Também segundo a agência, os alertas configuram um modelo semi-interpretativo, em que o consumidor pode ser informado sobre a composição dos alimentos, mas, ao mesmo tempo, manter a autonomia de decidir se quer comprá-lo ou não. Os alertas, portanto, não cerceiam liberdades individuais. Ao contrário, ajudam os consumidores a exercer livre e conscientemente seu direito de escolha e garantem seu direito à informação.

O formato em que virão os alertas ainda não foi definido. Um dos modelos indicados é o do Idec/UFPR, que apresenta triângulos pretos, facilmente identificáveis. Pesquisas realizadas com rigor científico e livres de conflito de interesses sustentam a proposta.

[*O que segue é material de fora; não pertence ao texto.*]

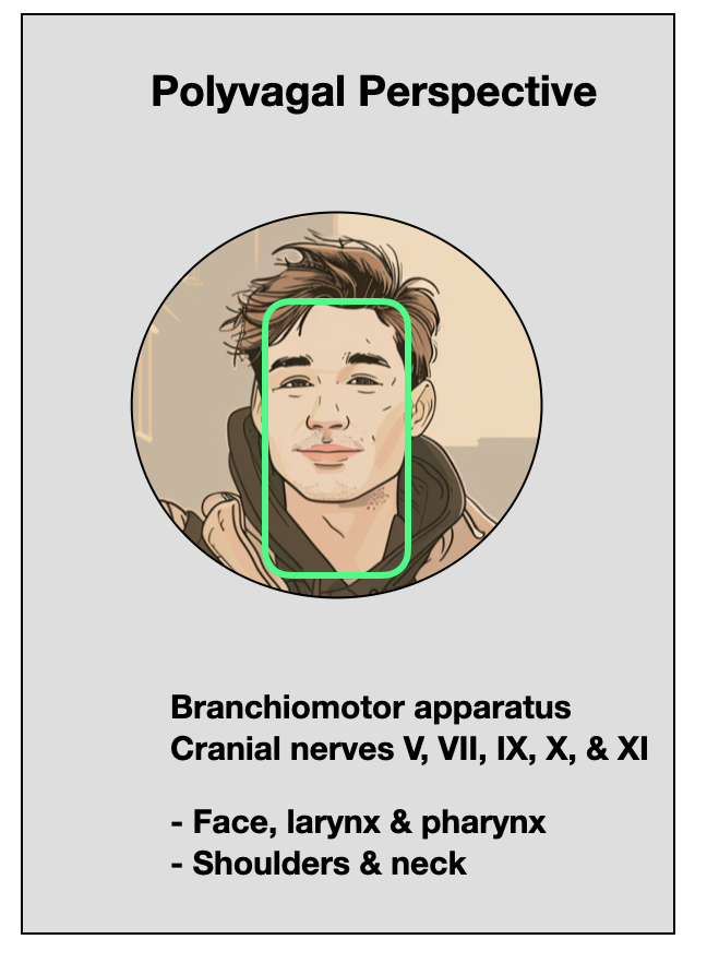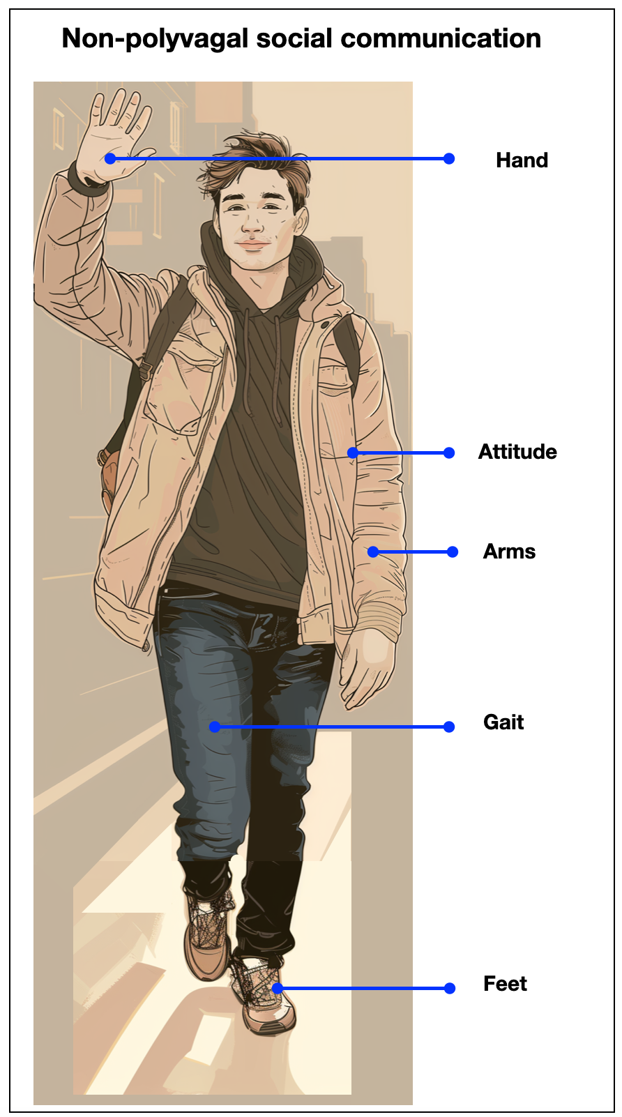 The PVT sees the motor cranial nerves (V, VII, IX, X, and XI) as the social hardware of social communication. Although the face, vocalization, and head rotation are important parts of communication, many other body parts are missing from this description.

Em um movimento liderado pela Aliança pela Alimentação Adequada e Saudável, mais de 80 mil cidadãos declararam o seu apoio a esse modelo. Todos eles querem fazer valer o seu direito à informação clara e precisa nos rótulos dos alimentos. Mais de 30 organizações também apoiam a proposta e 26 especialistas e pesquisadores, referências mundiais em obesidade, diabetes e nutrição em saúde pública, publicaram uma carta aberta endossando o uso dos triângulos.

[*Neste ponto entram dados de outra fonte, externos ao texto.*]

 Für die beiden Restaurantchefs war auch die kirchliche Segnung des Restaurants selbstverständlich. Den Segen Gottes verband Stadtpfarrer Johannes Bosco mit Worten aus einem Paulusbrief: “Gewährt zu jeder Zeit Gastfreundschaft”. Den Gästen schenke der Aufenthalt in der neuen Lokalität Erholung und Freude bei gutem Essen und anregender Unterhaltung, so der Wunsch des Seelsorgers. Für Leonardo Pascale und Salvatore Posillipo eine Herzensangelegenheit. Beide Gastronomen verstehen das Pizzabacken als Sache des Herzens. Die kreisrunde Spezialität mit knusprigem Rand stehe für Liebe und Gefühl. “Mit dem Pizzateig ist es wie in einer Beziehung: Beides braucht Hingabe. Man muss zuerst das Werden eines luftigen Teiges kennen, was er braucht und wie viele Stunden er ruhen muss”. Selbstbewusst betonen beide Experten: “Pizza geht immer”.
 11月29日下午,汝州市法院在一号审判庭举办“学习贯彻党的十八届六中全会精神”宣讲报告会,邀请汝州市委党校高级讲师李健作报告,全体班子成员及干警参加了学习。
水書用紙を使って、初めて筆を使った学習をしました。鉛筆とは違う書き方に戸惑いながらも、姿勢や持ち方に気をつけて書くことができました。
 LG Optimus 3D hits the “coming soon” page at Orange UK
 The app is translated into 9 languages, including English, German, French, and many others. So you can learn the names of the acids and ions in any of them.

Nos últimos quatro anos, a Anvisa colheu essas e outras evidências e sugestões, conferindo ao processo regulatório o rigor e a celeridade necessários. A independência e a seriedade da agência precisam ser reconhecidas. Agora, esperamos que o processo seja concluído ainda este ano, em 2018, e que o prazo de adequação para as empresas seja o mais breve possível.

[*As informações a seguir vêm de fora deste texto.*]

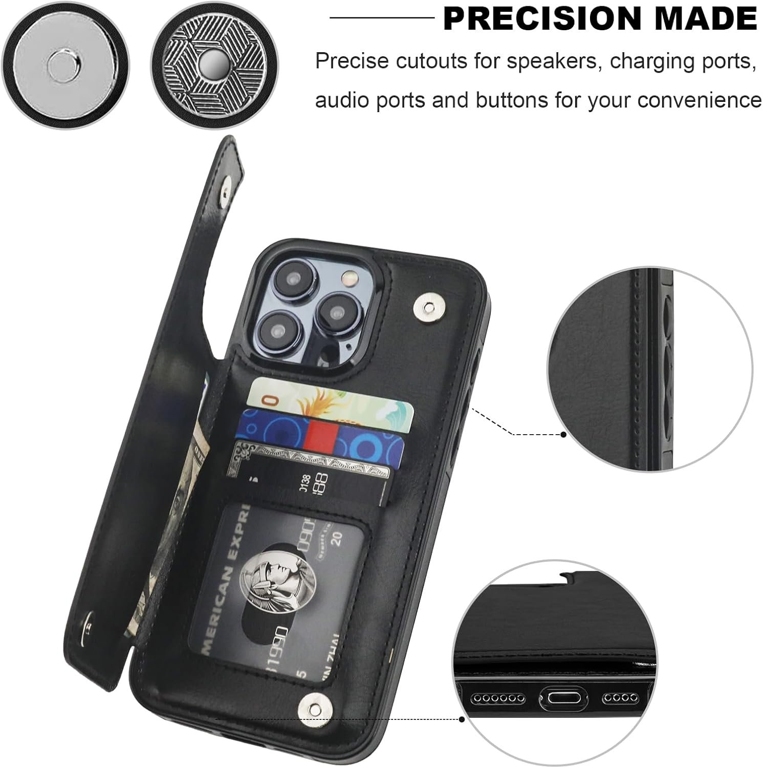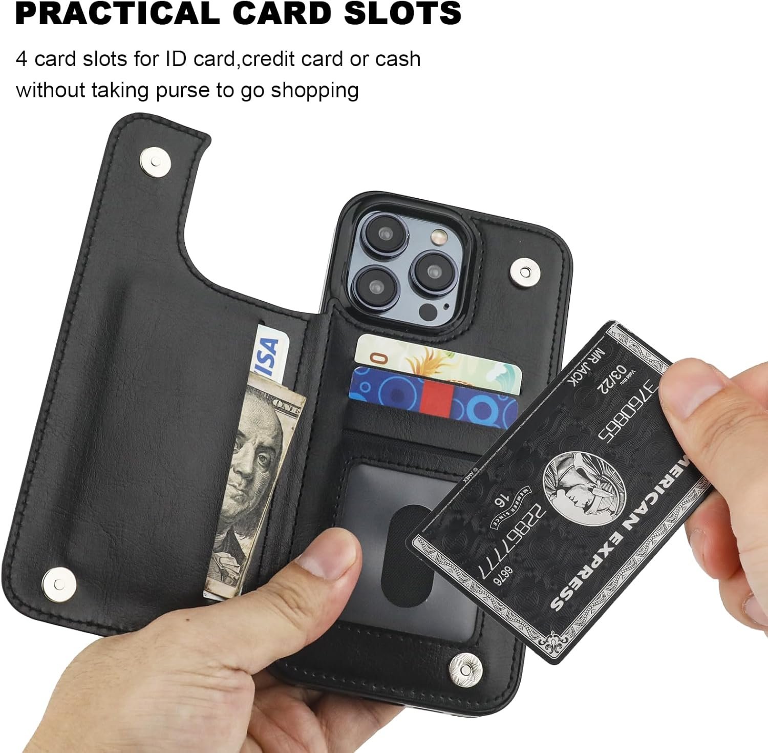The wallet case features multiple cardholders at the back, without taking purse to outdoor.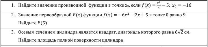 3) Сторона квадрата, которая является лсевым сечением цилиндра, будет равна 6 корней из 2•sin45°=6. Высота цилиндра равна 6, радиус основания 3. Площадь основания равна 9pi, площадь боковой поверхности равна 6pi•6=36pi.Тогда площвдь полной поверхности составит: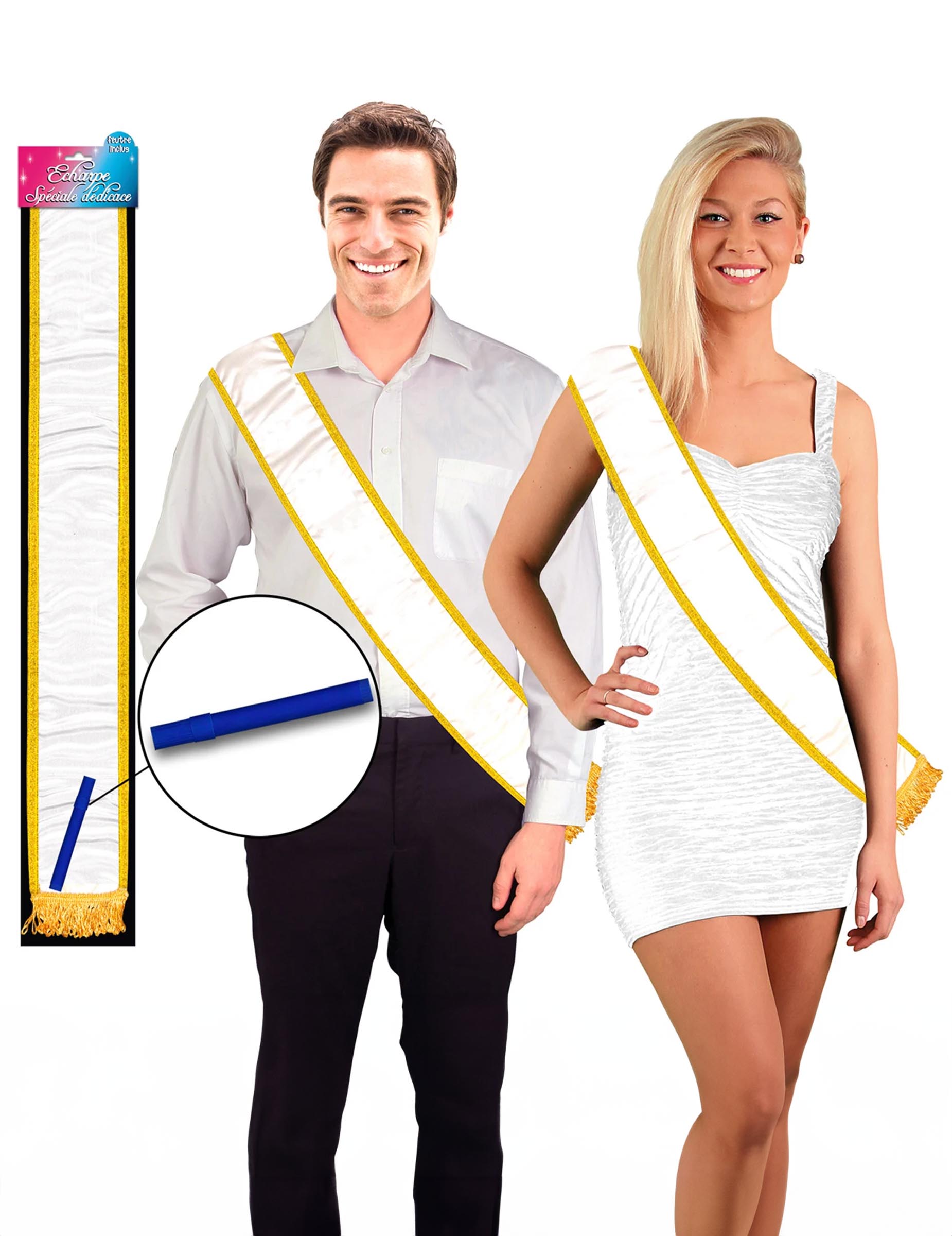 Deveniți înalta autoritate a serii voastre cu această eșarfă domnișoară. Acesta este alb cu granițe aurii. Măsoară aproximativ 180 cm lungime și poate fi personalizat folosind un pâslă albastră. Distrează -te la următoarea ta întâlnire de familie sau pentru o zi de naștere!

Como temos feito incansavelmente ao longo do último ano, lembramos que neste debate o ponto de vista mais relevante é o do consumidor. Ter acesso a informações claras e precisas é um direito, principalmente quando está em jogo a saúde e o bem-estar. A epidemia da obesidade é uma realidade: mais de 50% da população adulta brasileira enfrenta o sobrepeso. Na faixa etária dos cinco a nove anos, 34% das crianças estão acima do peso.

Não há dúvidas de que se trata de um problema complexo e multifatorial, que exige um enfrentamento diversificado. Os rótulos sozinhos não trazem a solução, mas o direito à informação constitui parte fundamental dessa equação.

Ana Paula Bortoletto é nutricionista, doutora em saúde pública pela USP, líder do Programa de Alimentação Saudável e Sustentável do Idec e membro do Comitê Gestor da Aliança pela Alimentação Adequada e Saudável.